Andrew Winston onstage at SB '14 San Diego on Tuesday | Image credit: Randy Tunnell/SB

The second day of SB '14 San Diego kicked off with a morning full of inspirational plenary presentations examining how we can reimagine business to become a positive global force.

Gil Friend, Chief Sustainability Officer at City of Palo Alto, gave the opening remarks, reminding attendees of how the US transformed itself during the Second World War to respond to problems that would not wait. Friend suggested that the several social and environmental issues currently afflicting our planet represent a call to action to transform our economy just like our forebears did.

Rich Fernandez from the Search Inside Yourself Leadership Institute asked the audience to close their eyes and imagine their ideal world. “Live and work as if your vision is being accomplished with your every action,” he said.

For the first plenary, Andrew Winston, author of The Big Pivot, discussed some of the major issues that we will need to address moving into the future. Some of these include: demographic and social change, shift of economic power to the east, rapid urbanization, climate change and resource scarcity, and technological breakthroughs. If we don’t tackle these issues, nothing else matters. The rise of big data also is transforming the lives of everyone on the planet as it creates a truly connected and open world.

Our current system, however, is too fragile to endure the test of time, especially as climate change-related weather disasters increase in frequency. Winston cited the devastation of Hurricane Katrina on New York City’s power grid as a prime example of how flimsy our power grids are.

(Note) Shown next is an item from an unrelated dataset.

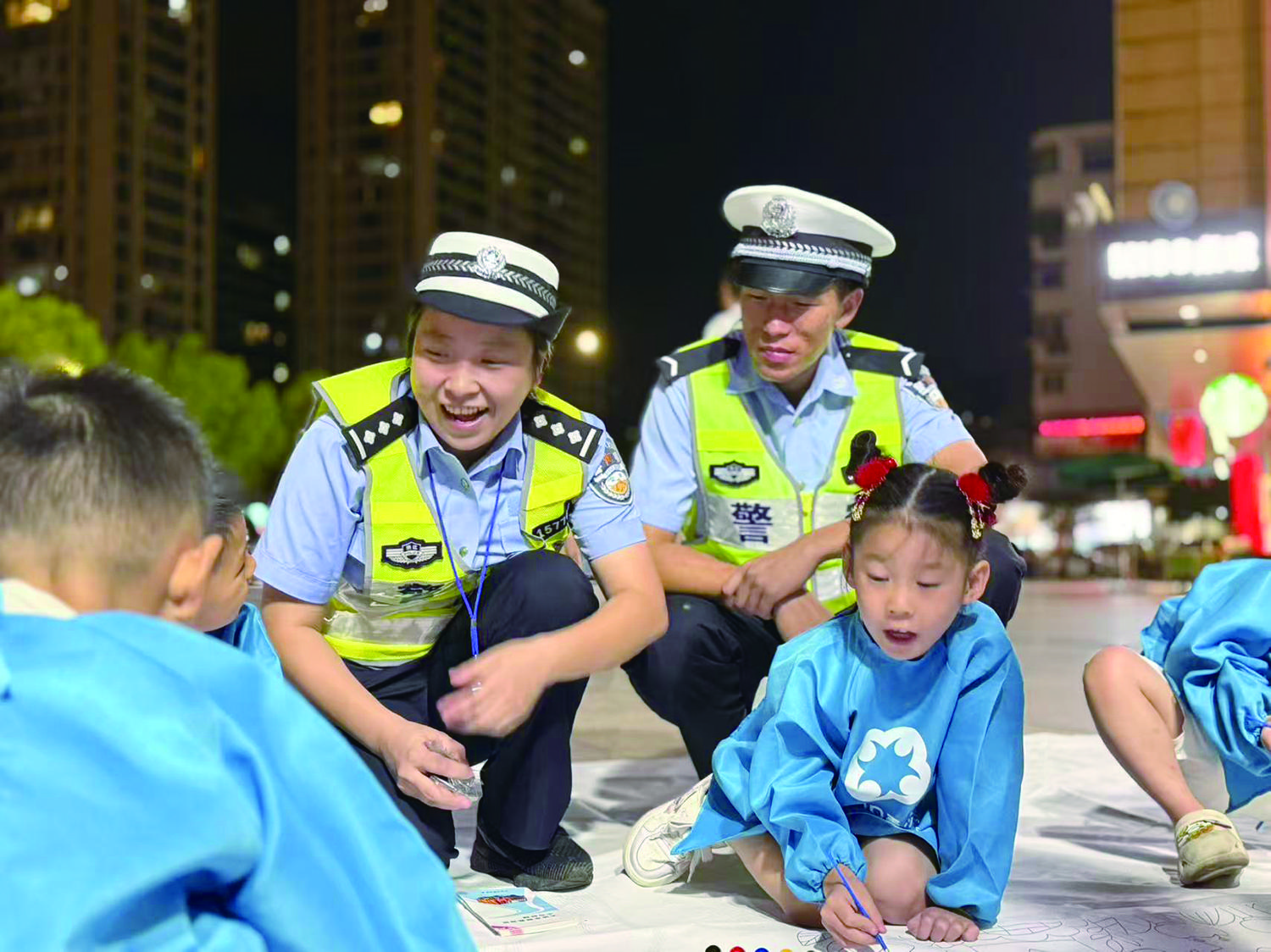 10月14日晚,兰溪市公安局交警大队联合兰江街道青松社区“家门口青少年宫”,在嘉泰新时代广场开展“百米画卷,童绘平安”主题活动。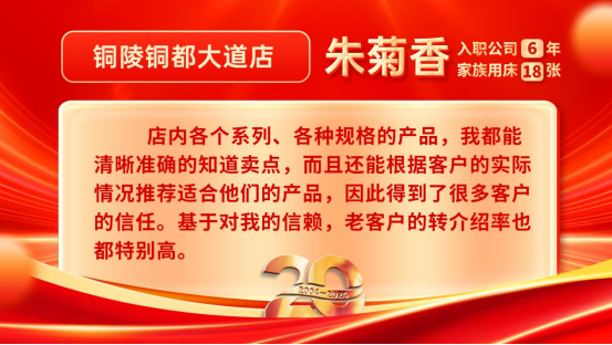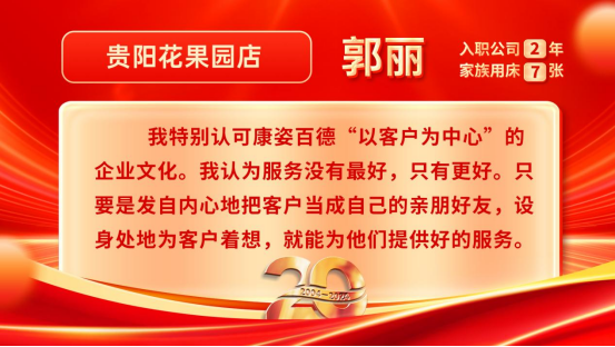 今年是康姿百德集團成立20周年。在20年的發展歷程中,有這樣一群人,他們在市場經營管理過程中,深刻貫徹以客戶為中心的理念,始終把優質的服務融于門店經營的每個環節,也因此得到了客戶的贊賞和認可。他們就是康姿百德專賣店的員工。本期和您分享的是康姿百德貴州地區和安徽地區專賣店員工代表的故事。

To create a sustainable future, Winston offers three primary pivots:

  1. Vision Pivot — Set science-based goals, fight short-termism, pursue heretical innovation
  2. Partner Pivot — Get customers to care, collaborate radically, become a lobbyist
  3. Valuation Pivot — Change incentives and engage

Sometimes it’s hard for us to “sell” sustainability because we don’t have all the hard numbers, Winston said. However, on a sinking ship would we wait to act until we “had all the numbers?” Companies such as Tesla and CVS are showing the bold sustainability actions can be taken even when it doesn’t immediately make business sense. For example, CVS cut out the sale of tobacco, which typically earned the company $2 billion a year.

We should stop selling products that don’t fit our mission, and sell more of the things that do. Most importantly, Winston said, we must seek to act beyond our immediate businesses and change the overlying system. Sometimes this means even collaborating with competitors, as Coke and Pepsi have done in their efforts to remove harmful chemicals in refrigerants.

Alexander Collot d'Escury
Alexander Collot d'Escury

Next, Alexander Collot d'Escury, CEO at Desso, presented how his company is disrupting the carpet industry by going beyond eco-efficiency, and pursuing eco-effectiveness. The average person spends 90 percent of their time indoors, and poor air quality indoors leads to many chronic health issues. Desso has developed a carpet that captures fine dust, improves air quality and is made from 50 percent Cradle-to-Cradle certified materials. The company has a manufacturing facility in Europe that takes old carpets and break down elements, avoiding the landfill.

“In redesigning, you come to all kinds of new possibilities,” said d'Escury. “This is what sustainability is; it’s making a better life for all of us and innovating.”

“What if all the brands and all the businesses in the world had a net positive ambition?” Sally Uren, Chief Executive at Forum for the Future, asked the crowd.

Sally Uren
Sally Uren

Uren told the audience that brands should strive to be Net Positive, which entails investing in innovation and publicly engaging in influencing. While critics have said Net Positive is repackaged CSR and PR Puff, ambition levels of net positive are high from doing less bad to doing something great — and the companies pursuing net positivity are striving to integrate this approach into business and the overall system in which it operates.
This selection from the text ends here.